With the pictures omitted, repeat exactly the lines below starting with the line that has "It's like this" and going on through the line that has "Figure 1. Pine".

*** DATA RECORDS ***

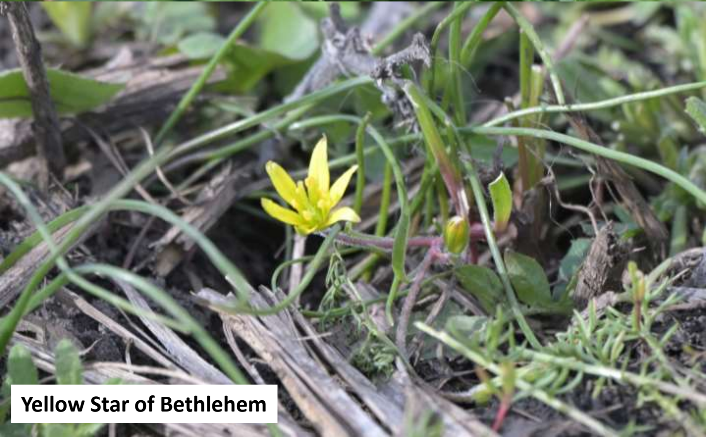
Yellow Star of Bethlehem
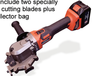
PRODUCT No. DESCRIPTION BNCE-20-24V Cordless Cutting Edge Saw™
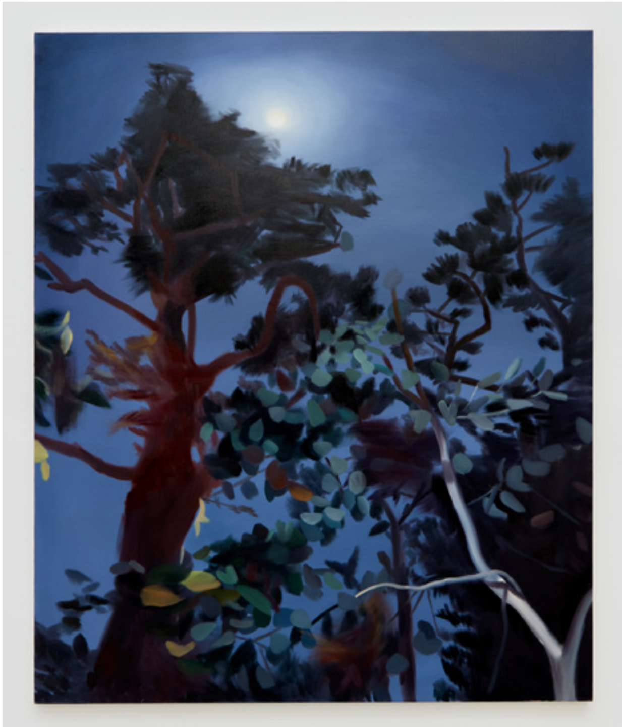
Ulala Imai Holy Night , 2022 Oil on canvas 76 3/8 x 63 3/4 inches; 194 x 162 cm UI-22-011
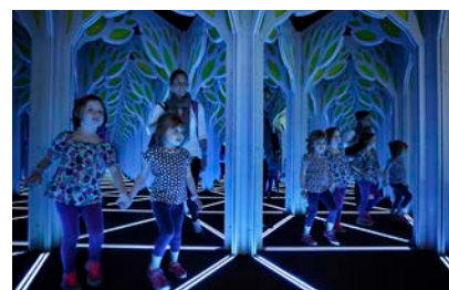
Immersive and hands-on exhibits like these from Luci Creative will invite participation and spark curiosity.

It's time to grow the Museum into a more interactive and immersive destination.
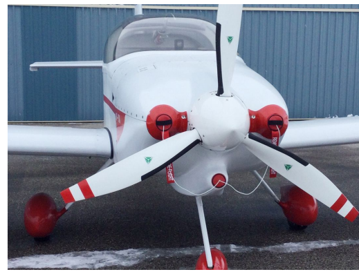
Van's RV-7 Engine Inlet Plugs, Sam James Cowling (Set of 3)
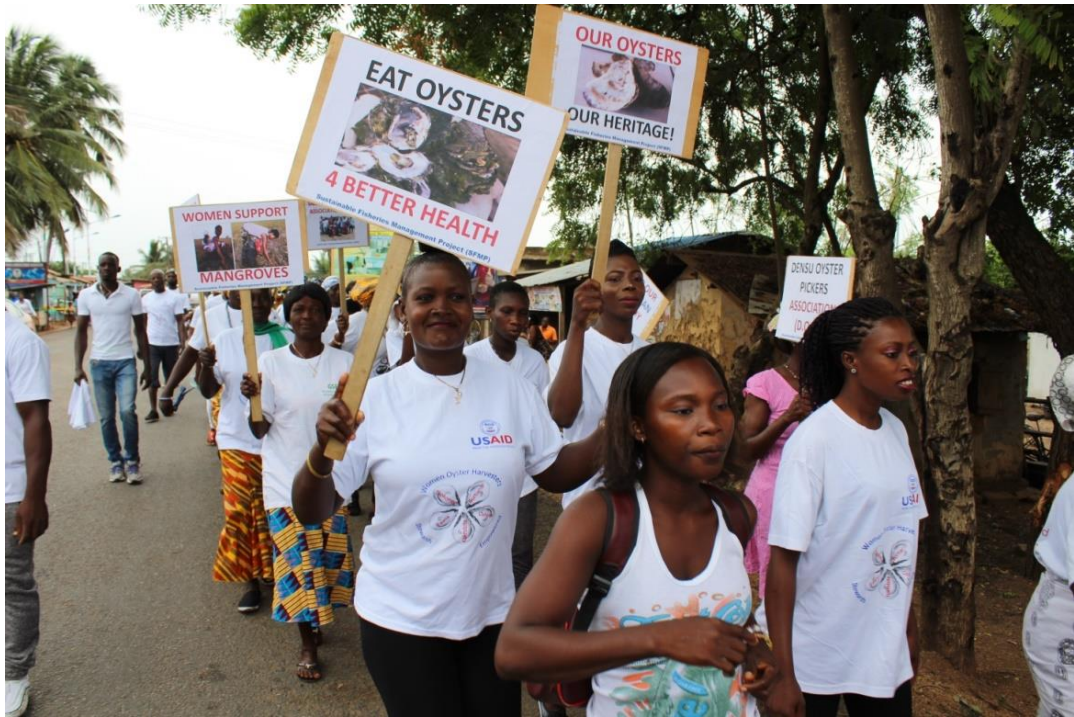
Figure 2: Members of DOPA with their placards during the float.
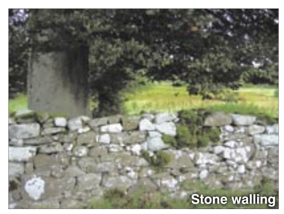
Non-structural elements make a significant contribution to our built heritage
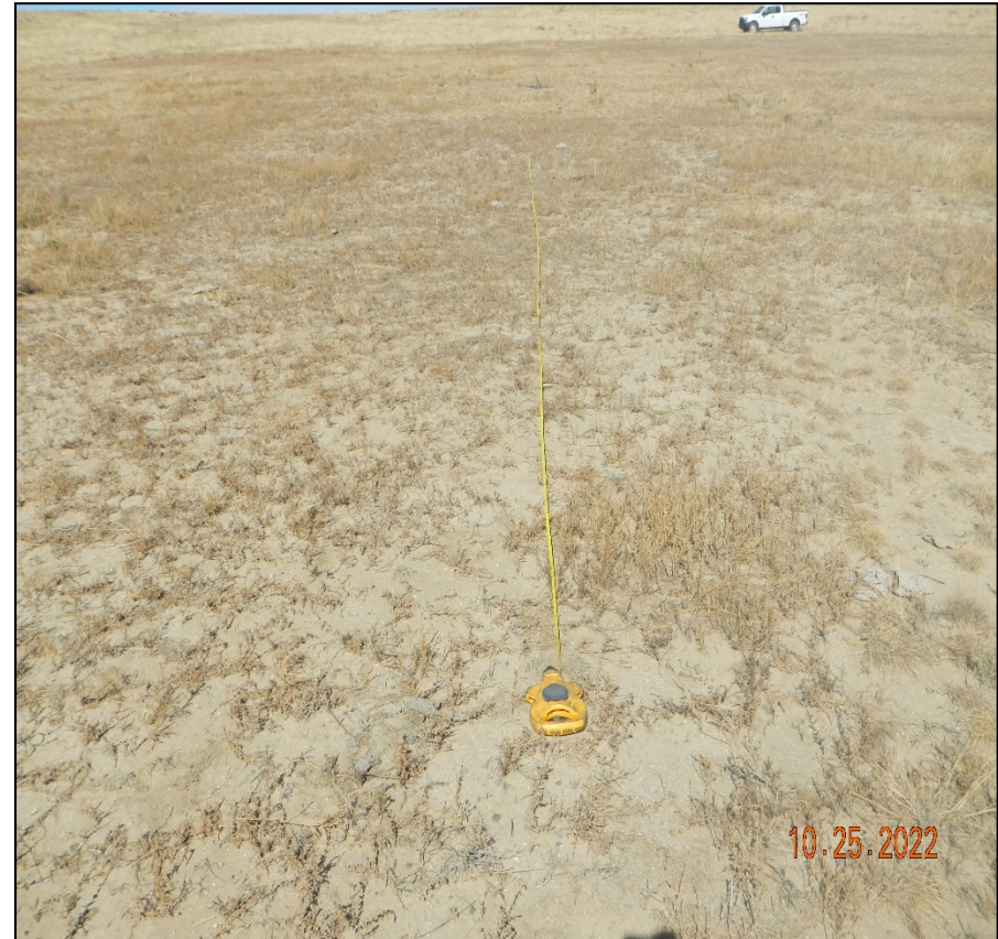
Photo 8. Facing north at the end of the transect at the location.
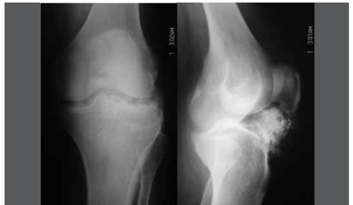
Figure 2 – Radiographs (anteroposterior and lateral views).
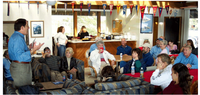
It's like this folks ... you Vote First, then Eat.
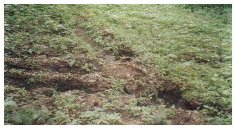
Plate 4. An over silted water diversion channel initiating severe rill erosion down slope in a Beans-garden on the Kvikubangali lower slope.

facilitating channel silting and over spills aggravating the soil erosion problem (See Plate 4). The wide spacing between the diversion channels also leaves land between the channels prone to severe erosion. Some channels were also found to have been filled up with sediment and therefore, no longer operational as conservation structures.
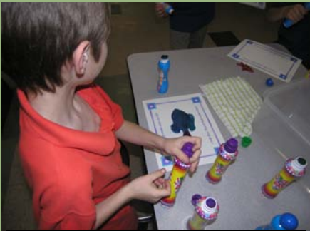
A child making fish prints during a Natural Resource Day.
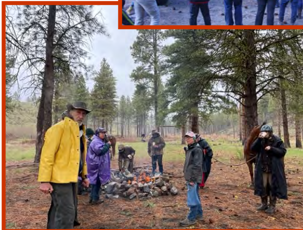
Coffee break on the Ride
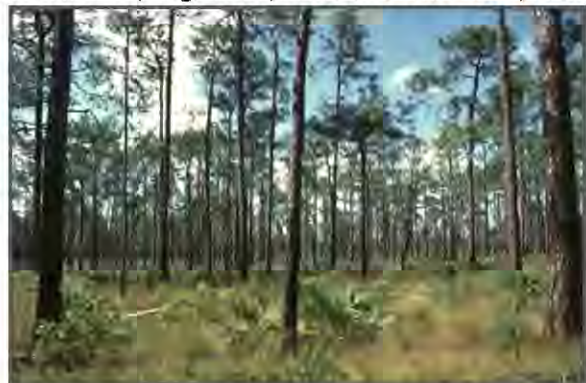
Figure 1. Pine upland habitat used by pine snakes.

Southeastern pocket gopher colonies are important to sustaining populations of Florida pine snakes. Florida pine snakes often prey on pocket gophers (Franz 1992, FWC 2011), primarily use pocket gopher burrows as refugia (Miller et al. 2012) and, where available, may use pocket gopher burrows as egg deposition sites (Franz 2005). Areas without pocket gophers also support pine snakes. In these areas, pine snakes may use gopher tortoise burrows, nine-banded armadillo ( Dasypus novemcinctus ) burrows, and stump holes as
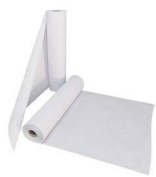
LENCOL HOSPITALAR 50X70
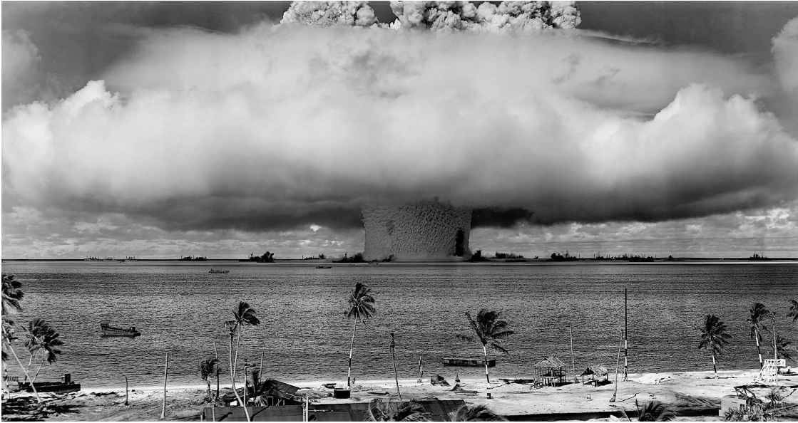
“Baker Shot”, part of Operation Crossroads, a U.S. nuclear test at Bikini Atoll in 1946.

“human uptake”. There they are in flickering film, in their white coats, attentive with their clipboards. When an islander died in his teens, his family received a sympathy card from the scientist who studied him.
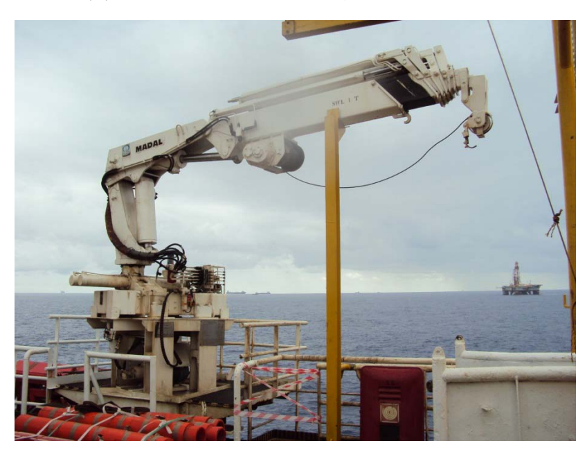
Crane following incident

A member has reported an incident in which a crane winch wire parted and the hook block was dropped to deck. The incident occurred when the crane operator began to extend the jib of the crane without letting out the winch wire at the same time. The extending jib caught the hook block and caused the crane winch wire to part. The hook block, which weighed 30kg, dropped 10 metres (m) to the deck. There were no injuries.
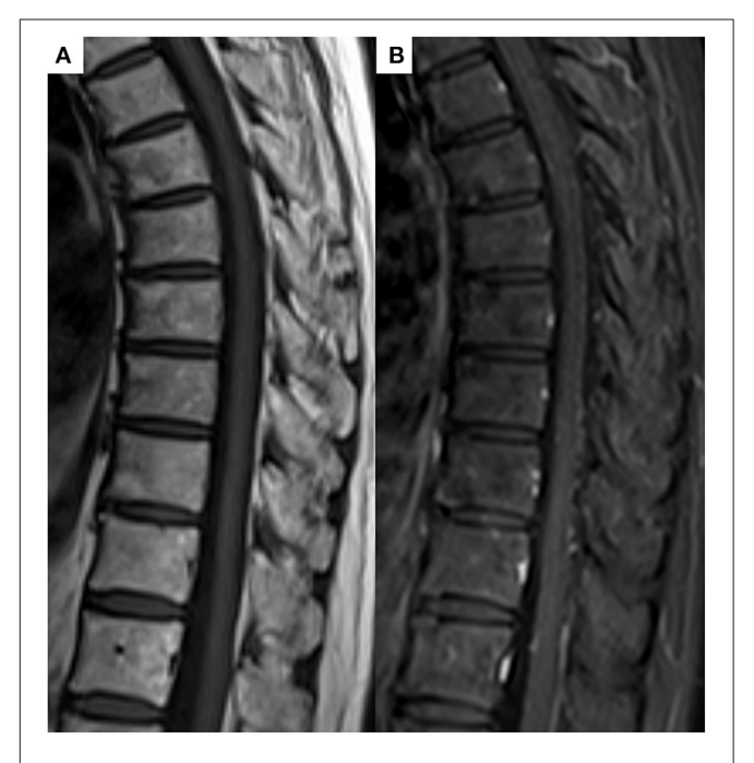
FIGURE 4 | (A) Follow-up T1-weighted image and (B) contrast T1-weighted image after 5 months showed complete resolution of all previously noted bony lesions.

by synovitis (inflammation of the joints), acne, pustulosis (thick yellow blisters containing pus) often on the palms and soles, hyperostosis (increase in bone substance) and osteitis
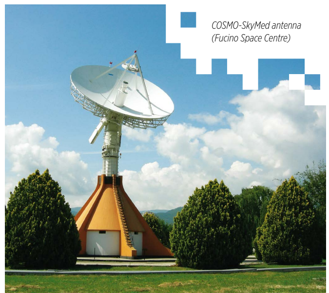
COSMO-SkyMed antenna (Fucino Space Centre)

COSMO-SkyMed was conceived as a programme capable of meeting civil needs (environmental monitoring, civil protection, Oil & Gas) as well as military ones. The general features enable interoperability with other systems and the use in the context of international agreements. In particular, COSMO-SkyMed is able to meet the stringent operating requirements of Copernicus, the European programme for Earth observation.

***

EXERCISE SOLUTION:
It's like this folks ... you Vote First, then Eat.
Plate 4. An over silted water diversion channel initiating severe rill erosion down slope in a Beans-garden on the Kvikubangali lower slope.

facilitating channel silting and over spills aggravating the soil erosion problem (See Plate 4). The wide spacing between the diversion channels also leaves land between the channels prone to severe erosion. Some channels were also found to have been filled up with sediment and therefore, no longer operational as conservation structures.
A child making fish prints during a Natural Resource Day.
Coffee break on the Ride
Figure 1. Pine upland habitat used by pine snakes.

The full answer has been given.